Сердце искателя приключений. Фигуры и каприччо - Эрнст Юнгер 5 стр.


Я поселился здесь несколько недель назад в качестве dottore pescatore, как народ любит называть работающих у аквариумов зоологов. В этом прохладном, напоминающем монастырь месте днём и ночью журчит сладко-солёная вода, наполняя большие стеклянные бассейны, что стоят среди парка, вытянутого вдоль берега моря. Скользнув по рабочему столу, глаз останавливается на Кастель-дель-Ово — крепости, возведённой на воде Штауфенами, а за ней, напоминая формой вытянутую виноградную улитку, прямо посреди залива располагается прекрасный Капри, где некогда сидел со своими спинтриями Тиберий.

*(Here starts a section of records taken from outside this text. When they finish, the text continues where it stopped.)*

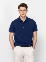 Męska koszulka polo z krótkim rękawem, o regularnym kroju, z kołnierzykiem zapinanym na guziki, z małym metalowym logo marki z przodu. Materiał: 100% bawełna, pike. Model ma 188 cm wzrostu i nosi rozmiar L.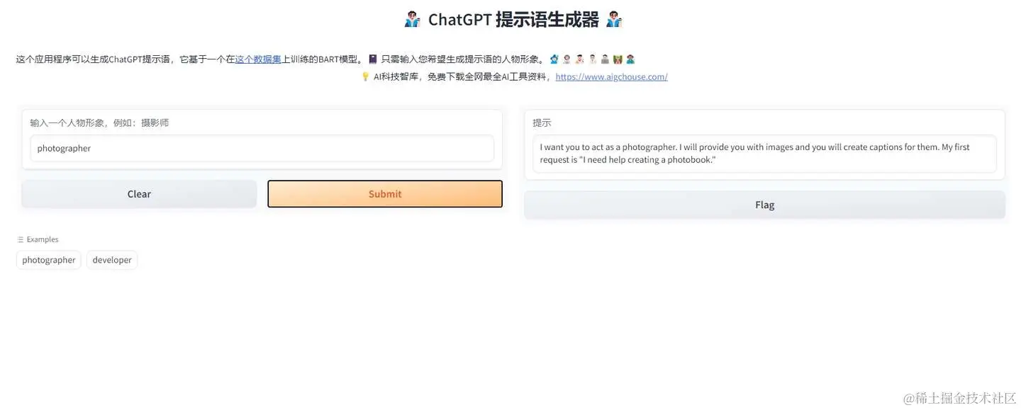 3:浏览器操作在浏览器中访问 http://127.0.0.1:7860/,即可通过浏览器界面使用ChatGPT-Prompt工具。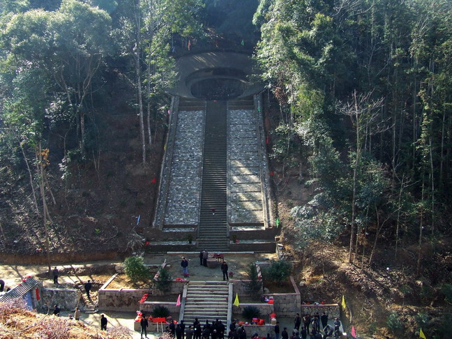 百階塚地處的巖前行政村,隸屬三元區(qū)巖前鎮(zhèn),為鎮(zhèn)政府所在地。位于福建省三明市西約35公里,直線距離18公里。百階塚位于巖前村西約二公里的群山深處,地理坐標(biāo)為:北緯26°15′25.5″,東經(jīng)117°25′30.0″,海拔高度為226米。 百階塚規(guī)模巨大,氣勢宏偉,是目前我省所發(fā)現(xiàn)的最大的宋、元時(shí)期墓葬。建筑面積近20000平方米。墓葬地下部分因未發(fā)掘,結(jié)構(gòu)不詳。地上部分主要由墳面、背圍攏、天池坪、百級(jí)坡狀階道、享堂坪、大埕、神道、木牌樓、半月池等幾部份組成。既有宋代墓葬地上建筑追求華麗、繁縟的特點(diǎn),又有元代墓葬取勢高峻、氣勢宏大的風(fēng)格,是兩者建檔完美組合。百階塚建造年代、墓主人記載清晰,為以后界定此類墓葬的年代提供了佐證實(shí)例。 |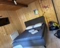 Разместились в самом большом доме - Барнхаус, 60 кв.м. В доме есть посуда, туалетно-косметические принадлежности, жаль, что на сайте не указали про наличие полотенец, пришлось зря везти с собой. Домик тёплый, уютный, рассчитан на 6 человек, стеснённость не ощущалась.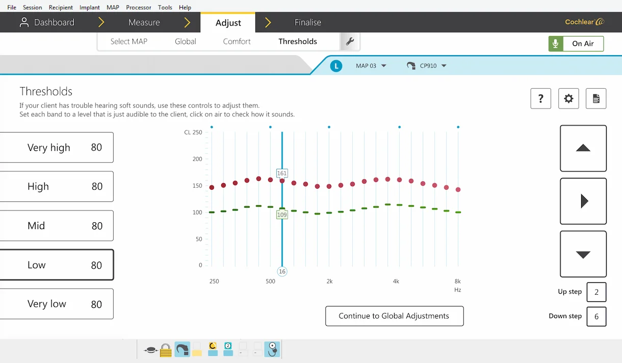 Rather than a confusing open toolbox, each type of a adjustment has it's own task screen. This means we can guide clincians through each task. This screen measures thresholds, the softest sounds a patient can hear. It's visually a lot cleaner, but has everything they need for this task, instead of all the things for all the tasks. This is less disrtacted and confusing.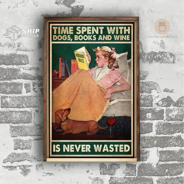 Girl Love Dachshund Dog Book And Wine Poster Time Spent With Dogs Books And Wine Is Never Wasted Poster Home Living Decor Poster
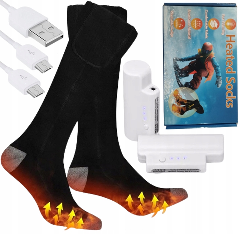 - БАТАРЕЇ В КОМПЛЕКТІ – дві батареї входять до шкарпеток. Після підключення ви ховаєте їх у спеціальні кишені у верхній частині шкарпеток. Заряджання відбувається через USB-кабель. Завдяки розгалужувачу кабель пристосований для зарядки двох акумуляторів одночасно.
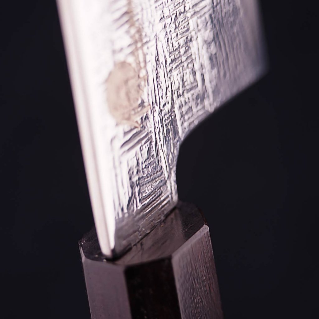 Jádro čepele je vyrobeno z damascénské oceli s tvrdostí 61±1 HRC, obklopené 66 vrstvami dvou druhů nerezové oceli. Toto vrstvení zajišťuje maximální houževnatost a odolnost. Surový vzor ručně kovaného damašku. Neuhlazený, živý povrch s výraznou kresbou vrstev oceli odhaluje skutečný charakter řemeslné výroby a dává každému noži jedinečnou identitu. Precizní zpracování zaručuje snadnou údržbu a dlouhotrvající ostrost, kterou lze snadno obnovit broušením na vodních kamenech.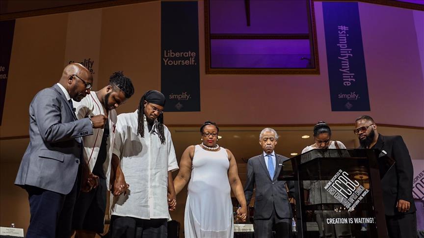 During Monday's event at the Baptist Church, a video presentation showed celebrities describing 23 everyday things black people might do that triggered actual deadly encounters with police, such as "wearing a hoodie" in the case of Trayvon Martin and "making eye contact" in that of Freddie Gray.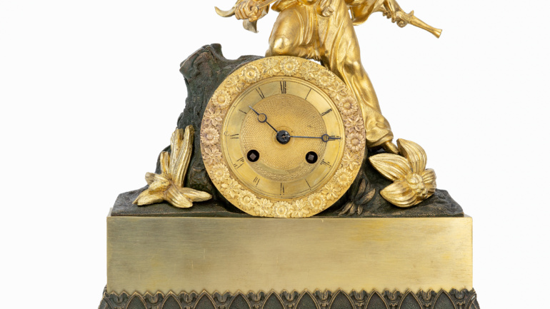 Περιγραφή: Ρολόι επιτραπέζιο γαλλικής κατασκευής, από επιχρυσωμένο μπρούντζο, με Έλληνα έφιππο αγωνιστή και μικρό παιδί. Στο λεύκωμα ΟΙ ΩΡΕΣ ΤΟΥ ΑΓΩΝΑ (S. Adler) το ρολόι έχει τίτλο: Ο Πολεμιστής υπερασπίζεται το παιδί του.
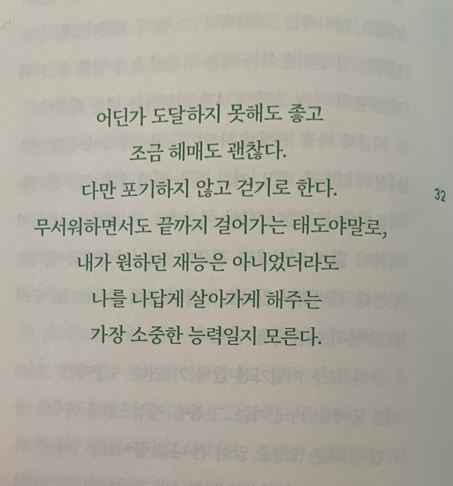 p.32 어딘가 도달하지 못해도 좋고 조금 헤매도 괜찮다. 다만 포기하지 않고 걷기로 한다. 무서워하면서도 끝까지 걸어가는 태도야말로, 내가 원하던 재능은 아니었더라도 나를 나답게 살아가게 해주는 가장 소중한 능력일지 모른다.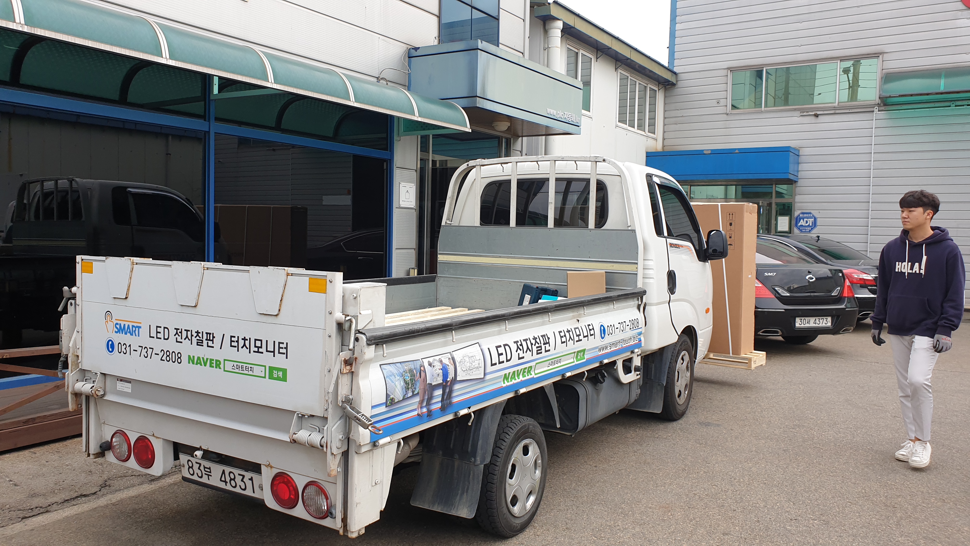 고객사 건물 입구 앞에서 당사 제품이 납품되는 인증샷 하나 건져봅니다 ㅎㅎ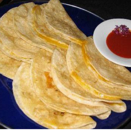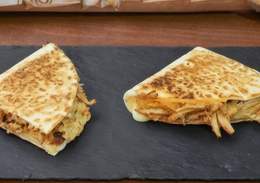 tortilla de trigo a la plancha con queso mozarella y pollo con toque picante

В Неаполе жили многие из моих любимцев, и среди них столь разные между собой, как норманн Роже, аббат Галиани, король Мюрат, носивший свои ордена, чтобы служить мишенью, а с ним и Фрёлих, написавший одно из наиболее занимательных воспоминаний «Сорок лет из жизни одного мертвеца». Великолепный бургундец де Бросс и шевалье де Сенгаль тоже могут с толком поведать об изысканно проведённых здесь часах.

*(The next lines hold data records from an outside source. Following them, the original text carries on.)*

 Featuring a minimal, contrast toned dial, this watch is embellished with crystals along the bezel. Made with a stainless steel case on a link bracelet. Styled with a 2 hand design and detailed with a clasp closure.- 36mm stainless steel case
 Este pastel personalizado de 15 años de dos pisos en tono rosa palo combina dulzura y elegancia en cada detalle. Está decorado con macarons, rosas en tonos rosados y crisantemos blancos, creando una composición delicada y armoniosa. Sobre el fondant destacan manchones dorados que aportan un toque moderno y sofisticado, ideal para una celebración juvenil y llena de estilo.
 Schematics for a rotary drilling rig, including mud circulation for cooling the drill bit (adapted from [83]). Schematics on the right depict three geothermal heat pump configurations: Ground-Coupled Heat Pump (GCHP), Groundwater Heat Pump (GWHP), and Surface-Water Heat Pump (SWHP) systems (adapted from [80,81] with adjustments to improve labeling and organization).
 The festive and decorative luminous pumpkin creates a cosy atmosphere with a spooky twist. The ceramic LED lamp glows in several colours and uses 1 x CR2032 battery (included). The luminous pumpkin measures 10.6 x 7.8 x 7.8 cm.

Моё внимание занято одной маленькой каракатицей, называемой loligo media. Каждое утро она снова и снова восхищает меня красотой своей лебединой песни в красках, сложенных из подвижной гаммы коричневых, жёлтых, фиолетовых и пурпурных тонов. Особенно меня привлекает в ней великолепное угасание — эта нервозная небрежность, за которой скрываются новые, неведомые сюрпризы. Очень скоро эта роскошь будет принесена в жертву смерти: она затухает подобно пламенеющим облакам, что растворяются в грозовых тучах, и только кольца глубокого зеленовато-золотистого цвета, большие эмалевые глаза, продолжают светиться подобно радуге. И вот на таком крошечном теле, словно на пленительном инструменте, жизнь исполняет свою мелодию от начала до конца, в избытке осыпает его своими дарами и подобно жестокой любовнице бросает его. От столь великолепного сияния остаётся лишь бледный призрак — выгоревшая гильза золотого фейерверка.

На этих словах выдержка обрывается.